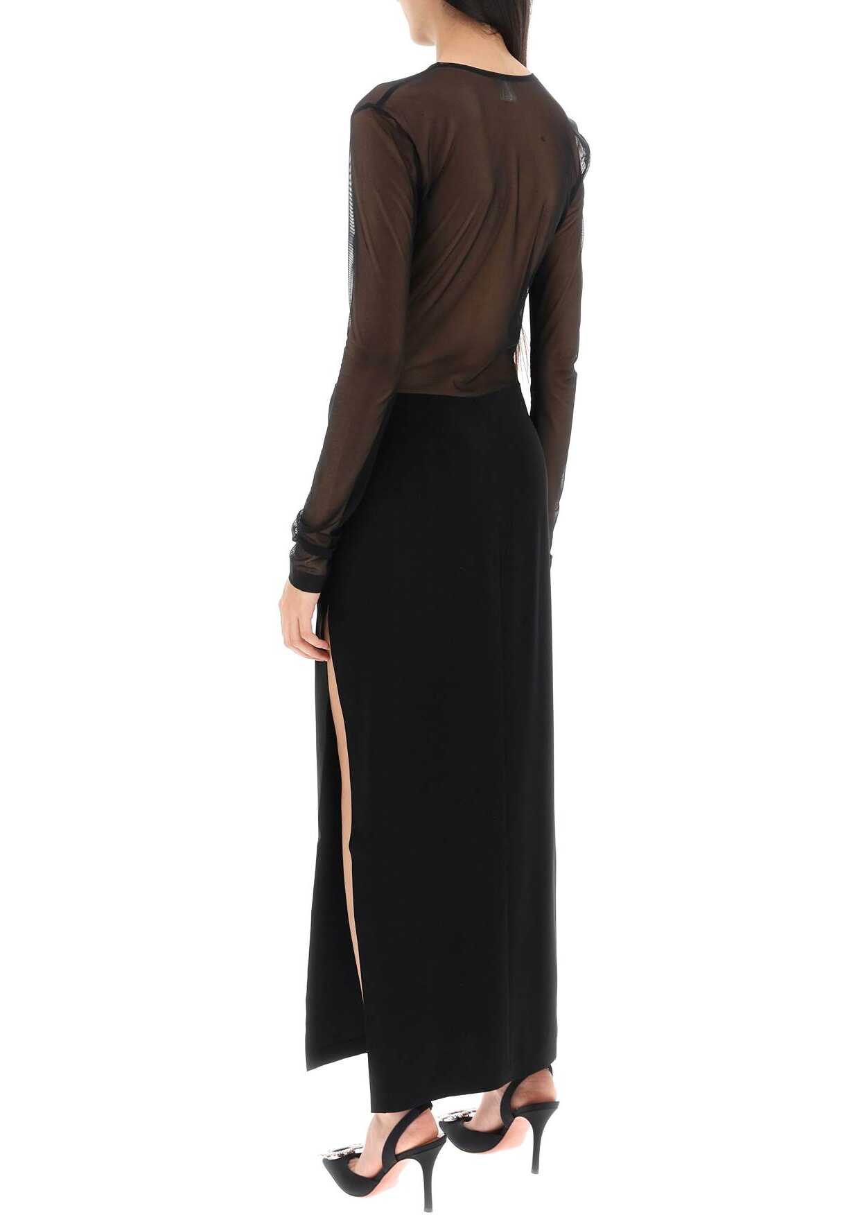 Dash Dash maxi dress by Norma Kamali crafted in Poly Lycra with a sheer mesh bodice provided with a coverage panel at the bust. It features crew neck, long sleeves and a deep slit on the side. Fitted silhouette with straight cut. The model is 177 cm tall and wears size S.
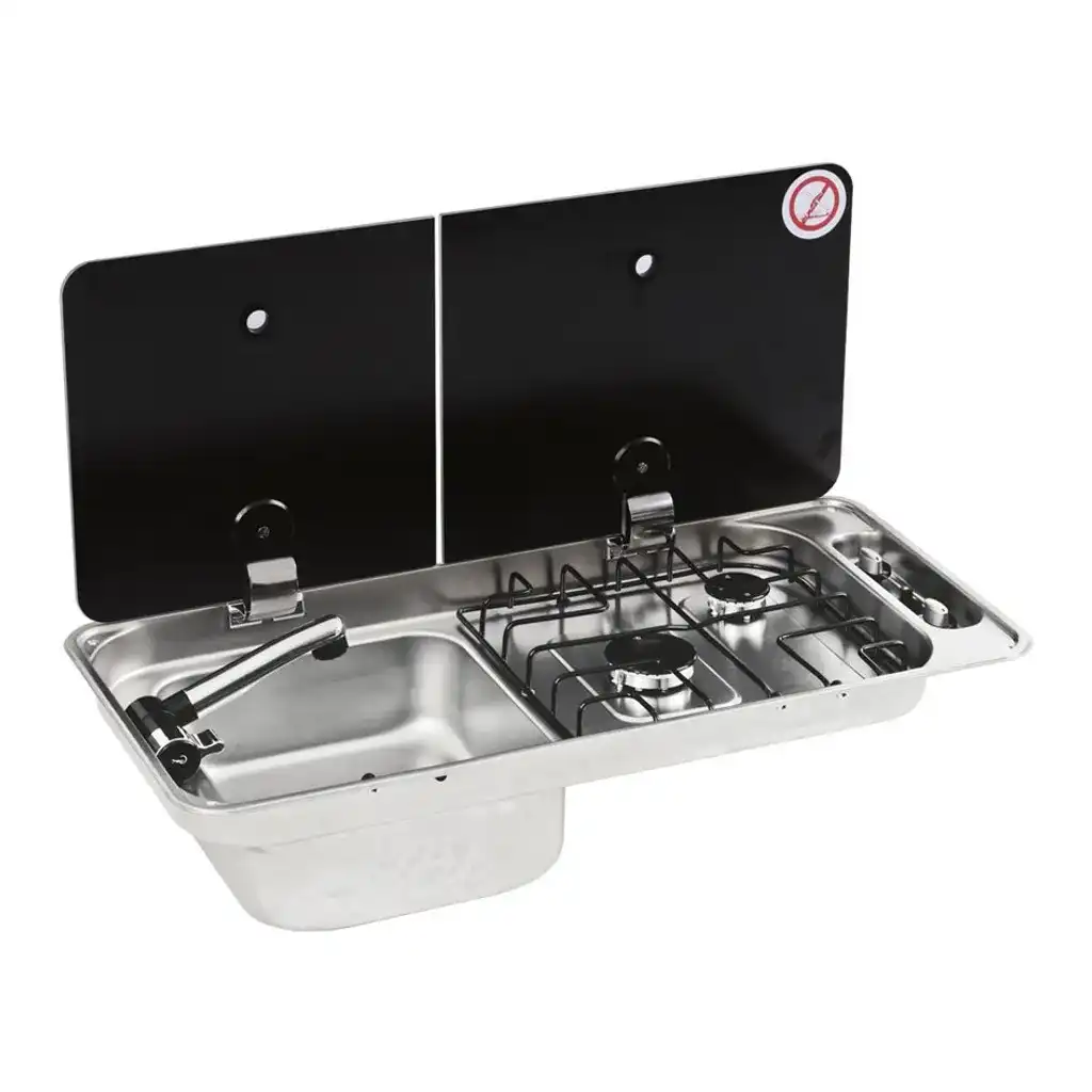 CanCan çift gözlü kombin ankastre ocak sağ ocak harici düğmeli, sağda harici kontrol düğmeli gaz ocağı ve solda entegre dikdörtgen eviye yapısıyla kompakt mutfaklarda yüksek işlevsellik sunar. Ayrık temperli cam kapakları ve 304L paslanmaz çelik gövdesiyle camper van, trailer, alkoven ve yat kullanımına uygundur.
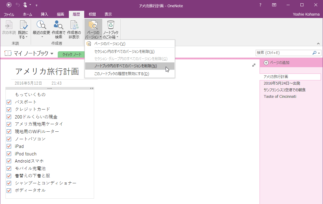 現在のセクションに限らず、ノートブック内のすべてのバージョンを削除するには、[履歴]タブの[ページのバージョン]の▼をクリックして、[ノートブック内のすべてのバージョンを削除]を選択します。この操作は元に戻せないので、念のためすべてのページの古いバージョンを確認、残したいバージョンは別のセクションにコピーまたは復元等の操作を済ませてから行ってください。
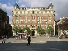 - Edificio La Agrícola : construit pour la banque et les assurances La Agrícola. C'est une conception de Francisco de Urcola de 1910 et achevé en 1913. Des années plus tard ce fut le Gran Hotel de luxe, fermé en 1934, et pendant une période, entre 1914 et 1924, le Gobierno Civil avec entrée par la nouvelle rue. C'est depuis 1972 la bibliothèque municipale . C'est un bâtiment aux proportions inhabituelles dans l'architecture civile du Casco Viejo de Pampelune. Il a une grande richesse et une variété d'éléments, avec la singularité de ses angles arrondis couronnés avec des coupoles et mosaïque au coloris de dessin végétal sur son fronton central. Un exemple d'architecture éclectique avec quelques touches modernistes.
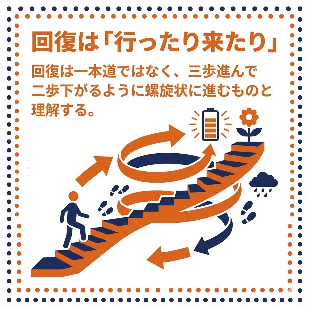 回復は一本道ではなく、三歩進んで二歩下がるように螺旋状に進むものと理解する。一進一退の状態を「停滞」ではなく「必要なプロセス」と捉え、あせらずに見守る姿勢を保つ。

--*--

* Your assignment *
Please copy the lines above, starting at the one that holds "- Edificio La" and stopping after the last line, exactly as they appear and minus the pictures.

* Answer section *
 - Edificio La Agrícola : construit pour la banque et les assurances La Agrícola. C'est une conception de Francisco de Urcola de 1910 et achevé en 1913. Des années plus tard ce fut le Gran Hotel de luxe, fermé en 1934, et pendant une période, entre 1914 et 1924, le Gobierno Civil avec entrée par la nouvelle rue. C'est depuis 1972 la bibliothèque municipale . C'est un bâtiment aux proportions inhabituelles dans l'architecture civile du Casco Viejo de Pampelune. Il a une grande richesse et une variété d'éléments, avec la singularité de ses angles arrondis couronnés avec des coupoles et mosaïque au coloris de dessin végétal sur son fronton central. Un exemple d'architecture éclectique avec quelques touches modernistes.
 回復は一本道ではなく、三歩進んで二歩下がるように螺旋状に進むものと理解する。一進一退の状態を「停滞」ではなく「必要なプロセス」と捉え、あせらずに見守る姿勢を保つ。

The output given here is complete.